Awesome Prometheus alerts:

sum by (cluster, instance) (avg by (mode, cluster, instance) (rate(node_cpu_seconds_total{mode!="idle"}[$__rate_interval])))

kubernetes-mixin

Note: 100% = 1 Core

sum by (cluster,instance) (rate(node_cpu_seconds_total{mode!="idle",mode!="iowait",mode!="steal"}[$__rate_interval]))

node-mixin (official node_exporter)

recording rule

1 - avg without (cpu) (
 sum without (mode) (rate(node_cpu_seconds_total{mode=~"idle|iowait|steal"}[$__rate_interval]))
)

alerting rule

sum without(mode) (avg without (cpu) (rate(node_cpu_seconds_total{mode!="idle"}[2m])))

dashboard

          sum by (instance) (
            (1 - sum without (mode) (rate(node_cpu_seconds_total{mode=~"idle|iowait|steal"}[$__rate_interval])))
          / ignoring(cpu) group_left
            count without (cpu, mode) (node_cpu_seconds_total{mode="idle"})
          )

I could only do a test with an small subset of nodes:

image
% k top node
NAME                               CPU(cores)   CPU%   MEMORY(bytes)   MEMORY%   
aks-opsstack-21479518-vmss000000   251m         13%    3573Mi          28%       
aks-opsstack-21479518-vmss000001   600m         31%    7863Mi          63% 

But the values from #80 are different compare to kubectl top


Thanks for the comprehensive write up @jkroepke!
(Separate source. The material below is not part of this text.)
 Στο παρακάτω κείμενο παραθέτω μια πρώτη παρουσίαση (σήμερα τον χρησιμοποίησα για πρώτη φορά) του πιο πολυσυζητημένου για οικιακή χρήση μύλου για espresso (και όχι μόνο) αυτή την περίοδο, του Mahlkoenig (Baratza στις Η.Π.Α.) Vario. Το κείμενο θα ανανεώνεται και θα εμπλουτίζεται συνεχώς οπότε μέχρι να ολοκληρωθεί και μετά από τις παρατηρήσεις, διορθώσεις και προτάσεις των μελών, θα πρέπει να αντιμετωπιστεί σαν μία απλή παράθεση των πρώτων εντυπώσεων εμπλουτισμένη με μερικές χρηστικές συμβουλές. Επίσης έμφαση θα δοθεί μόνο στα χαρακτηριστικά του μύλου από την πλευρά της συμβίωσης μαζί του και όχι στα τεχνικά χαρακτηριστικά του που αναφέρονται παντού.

Given most dashboards use mode!="idle", it looks like this change is probably the right thing to do then? It's also what is recommended by Tigera as linked in the PR.
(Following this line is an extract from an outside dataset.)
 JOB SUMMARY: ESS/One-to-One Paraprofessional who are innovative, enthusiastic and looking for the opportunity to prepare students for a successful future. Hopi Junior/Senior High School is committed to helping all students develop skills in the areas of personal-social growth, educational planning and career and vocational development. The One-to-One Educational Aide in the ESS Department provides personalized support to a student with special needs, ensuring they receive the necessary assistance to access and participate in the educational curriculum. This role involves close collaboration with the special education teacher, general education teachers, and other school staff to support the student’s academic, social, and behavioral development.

With respect to kubectl top, I think it's known that these values can differ. I believe it's just the different time intervals and the way the metrics are collected?

At least the queries from #81 give me incorrect results

PR

image

vs

# k top node
NAME                               CPU(cores)   CPU%   MEMORY(bytes)   MEMORY%   
aks-opsstack-21479518-vmss000000   232m         12%    3619Mi          29%       
aks-opsstack-21479518-vmss000001   613m         32%    7920Mi          64%   

In my post before, I do more a brain dump of my findings. Maybe #81 is wrongly interpret and to solve the issue from @uhthomas, I figure out some alternatives.
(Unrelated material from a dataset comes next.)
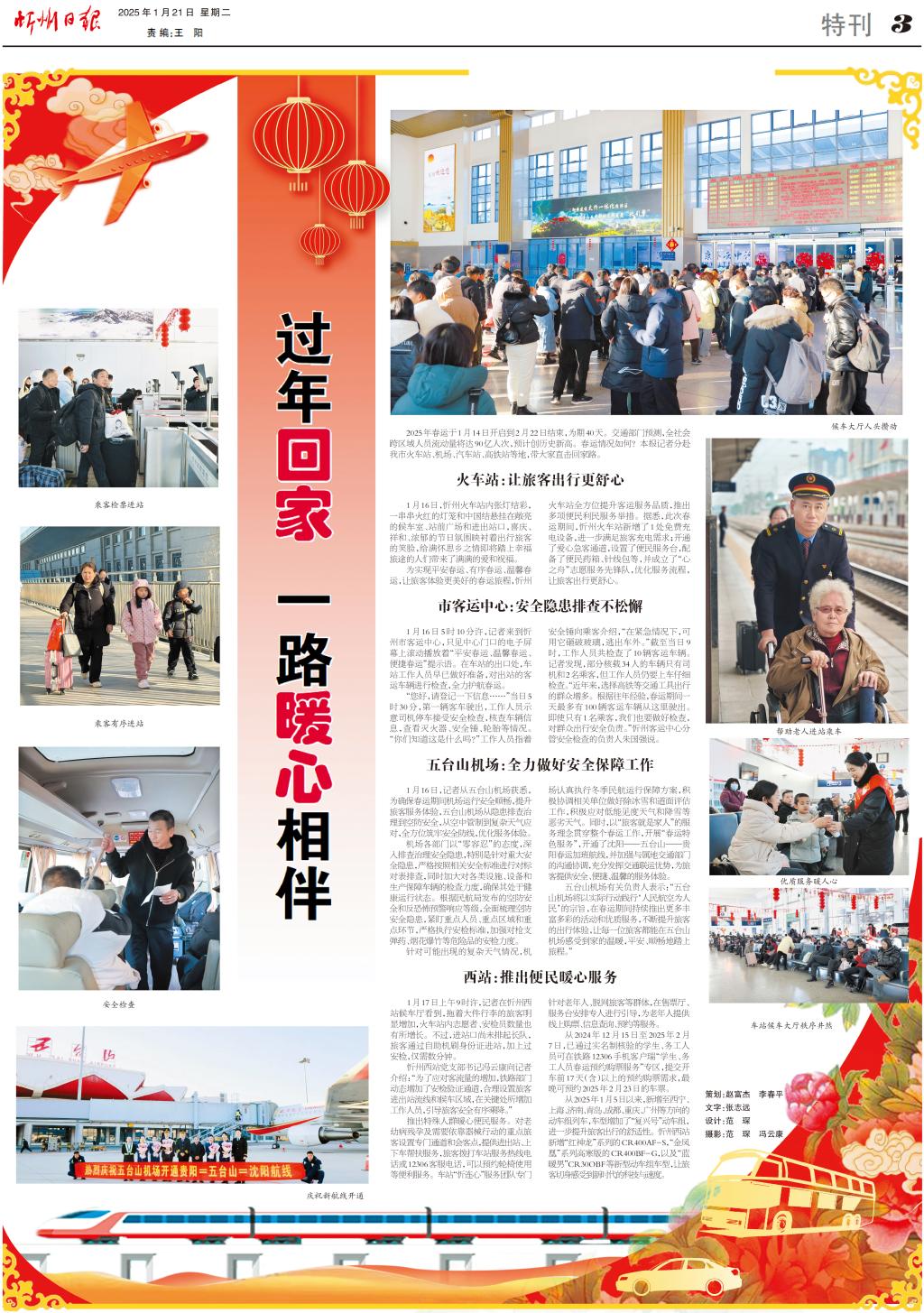 2025年春運于1月14日開啟到2月22日結(jié)束,為期40天。交通部門預測,全社會跨區(qū)域人員流動量將達90億人次,預計創(chuàng)歷史新高。春運情況如何?本報記者分赴我市火車站、機場、汽車站、高鐵站等地,帶大家直擊回家路。

Since only he has the issue, he should have to tests some queries.

I am not sure your evaluation is fair. They are taking measurements at different points in time and does not mean the query in #81 is incorrect. If it were, then all the dashboards you linked in your initial comment would also be wrong, which I don't believe is true.

I think the numbers look a bit weird because they are averaged, maybe not properly. The usage across cores varies quite widely:

image

Averaged by core:

image

Averaged by all:

image

They are taking measurements at different points in time

Compared to kubectl top, yes.

But the queries from the dashboard based on the same datapoints. The dashboard on main branch show me 30%-35% CPU usage which is way more as the reported 4.2% from #81. The CPU on the system has a constant usage between 30%-35%. over hours. 4% is not possible. This is why, I declare the query as incorrect.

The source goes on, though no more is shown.